Truth, Liberty, Tolerance
McClatchy High School prides itself on its diversity. Racially, 75% of the student body is comprised of minorities; economically, 55% of students qualify for free or reduced-price meals; geographically, students hail from Natomas to Elk Grove and everywhere in between.
When it comes to diversity of thought, however, the school doesn’t receive such high marks. A survey by The Prospector, McClatchy’s student newspaper, found that on the school’s heavily liberal campus, conservative viewpoints are widely suppressed, through ridicule and stigmatization of those who express them.

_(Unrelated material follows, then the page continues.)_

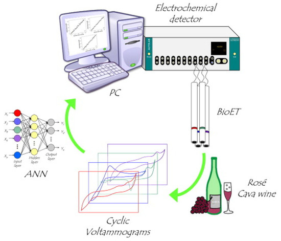Another voltametric BioET was described by Ceto et al. [59], comprising an array of four enzyme-modified (bio)sensors. The electrodes were prepared by mixing resin with its corresponding hardener in a ratio of 20:3 (w/w), then adding 15% (w/w) graphite and 2% (w/w) modifier (either Tyr, Lac or copper NPs); after which the mixture was homogenized and left to dry. One electrode was kept as a blank, without any modifier. The electrochemical cell was formed by the four (bio)sensors as a working electrode array, with a double junction Ag/AgCl reference and a platinum counter electrode. The obtained data were further processed with various chemometric tools, including PCA. Since the (bio)sensor array had been already successfully used in the resolution of phenolic compound mixtures in wine samples, the authors proceeded to directly analyse 20 varieties of wine, by recording a complete voltammogram with each sensor for each sample. The working principle of the BioET is presented in a schematic approach in Figure 5.

This phenomenon is not unique to McClatchy. It’s most pronounced on college campuses, where increasingly liberal students have made a habit of shutting down speeches by conservative speakers, and pressuring their schools to discipline professors who challenge their thinking. The fates of right-wing provocateur Milo Yiannopolis at UC Davis and former Yale lecturer Erika Christakis provide two recent, high-profile examples – Yiannopolis’ talk was cancelled after student protests, and Christakis resigned amidst uproar over her suggestion that the university not censor culturally insensitive Halloween costumes.

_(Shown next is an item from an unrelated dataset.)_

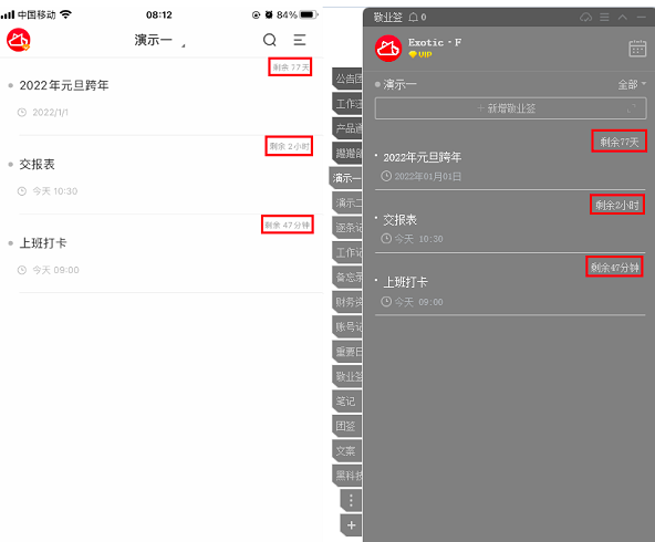 必須特別注意的是,敬業簽在默認下是無法顯示倒數計時的,必須設定一下才能夠,以iPhone敬業簽為例子,在主界面從從左往右滾動開啟側滑菜單欄,隨后點一下我的-通用性設定-表明內容時間-剩下期滿時間。設定好以后,設定了提示的內容右上方便會表明倒數計時了,而且在別的手機上和Windowspc端也適用表明倒數計時。

Outside of the school world, a Pew Research study found that liberals are more likely than conservatives to block or unfriend social media friends who express disagreeable political preferences.

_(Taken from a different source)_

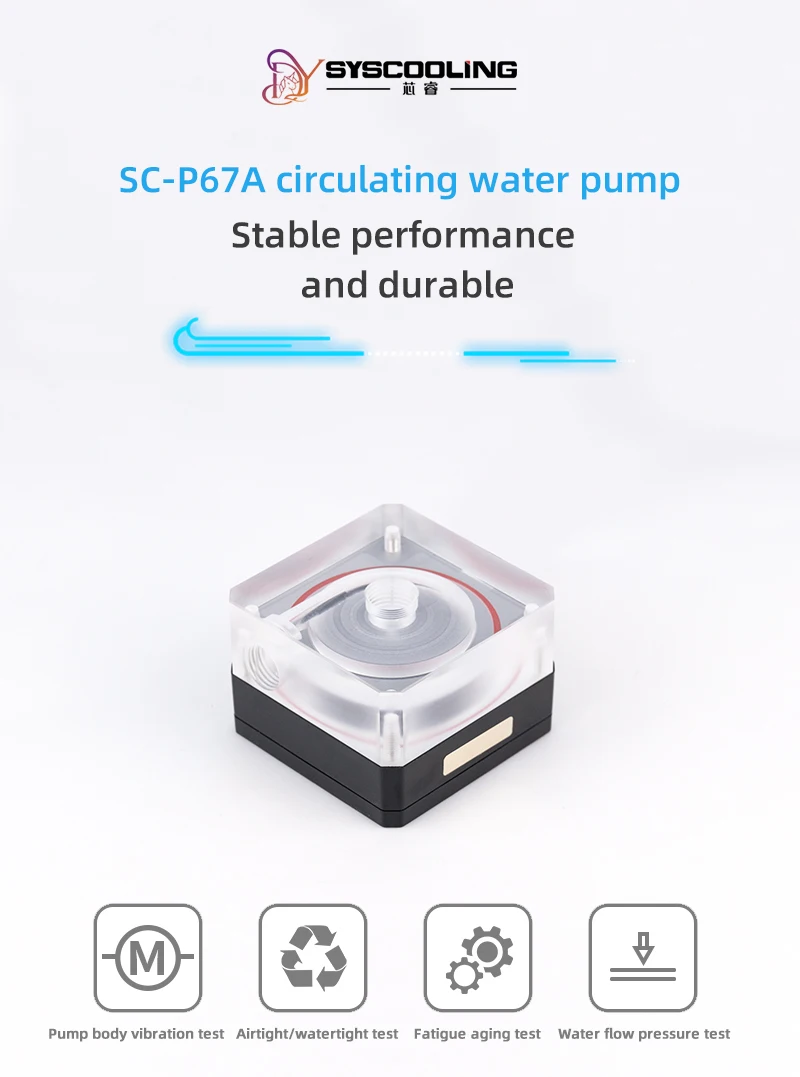Bomba de refrigeración Syscooling P67A DC 12V mini bomba para refrigeración por agua de PC soporte PWM rosca G1/4 parte superior acrílica

The prevailing message is that progressives, America’s champions of tolerance, are in fact quite intolerant of conservatism, so much so that conservatives who interact with liberals consistently are best served by keeping their opinions to themselves. They may have the right to free speech, but they are certainly not free to speak if their social lives matter to them.
The hypocrisy in liberals’ prejudice towards conservatism undermines their message of tolerance and inclusion, at a time when that message desperately needs to be heard.
Progressives, like any other ideological group, seek to convert opponents to their way of thinking, so as to generate broader support for their causes. But until liberals themselves practice what they preach, their rhetoric will not make conservatives “see the light” – it will make them laugh.
“While [liberals] are exceedingly tolerant of their own viewpoints, they tend to get a little upset when confronted by opinions which differ from their own,” teases RedState writer Amelia Hamilton in her article “Studies Show: Conservatives are More Tolerant Than Liberals.”
Right-wing internet memes make light of the liberal contradiction as well. One typical example features a picture of a woman with duct tape over her mouth, captioned “Tolerant liberals – tolerant as long as you TOTALLY agree with them.”
These examples may be somewhat crude, but both have a point. There is irony inherent in today’s strain of progressivism, and as the right grows more conscious of it, the left loses credibility in its great crusade for tolerance.
Now is a terrible time for this to happen. Our nation has reached peak levels of polarization, with conservatives and liberals more distant from and hostile towards each other than at any time in recent memory.
The division amongst citizens has been reflected in our political process. President Obama’s two terms, during which he struggled to achieve even the simplest of objectives in the face of fierce Republican opposition, were a painful exercise in antagonism. The future promises more of the same: President Trump spent much of his first month in office working to undo what measures Mr. Obama could successfully implement, while Democrats obstruct. The parties switch roles, but the game remains the same.
To break this cycle of enmity, America’s warring factions must come to terms with each other. The nation must have “healing,” something many politicians, including President Trump, have called for recently.
Who better to bring people together than liberals, the group devoted to principles of inclusion, tolerance and compassion? This moment needs exactly what real progressivism has to offer.
In order to provide it, liberals must stop shooting themselves in the foot with the bigotry they’ve adopted, and rediscover their lost values. There must be a progressive renaissance.
As future liberal leaders, it will be up to young lefties – like those at McClatchy – to make tolerance the vogue of progressivism once more. They can start by allowing conservatives to express themselves on campus.
In this respect, perhaps they can even learn something from their counterparts on the right. “I have thick skin, I can take it,” said McClatchy senior Tazio Giordano, a conservative student, of his attitude towards liberal perspectives he disagrees with.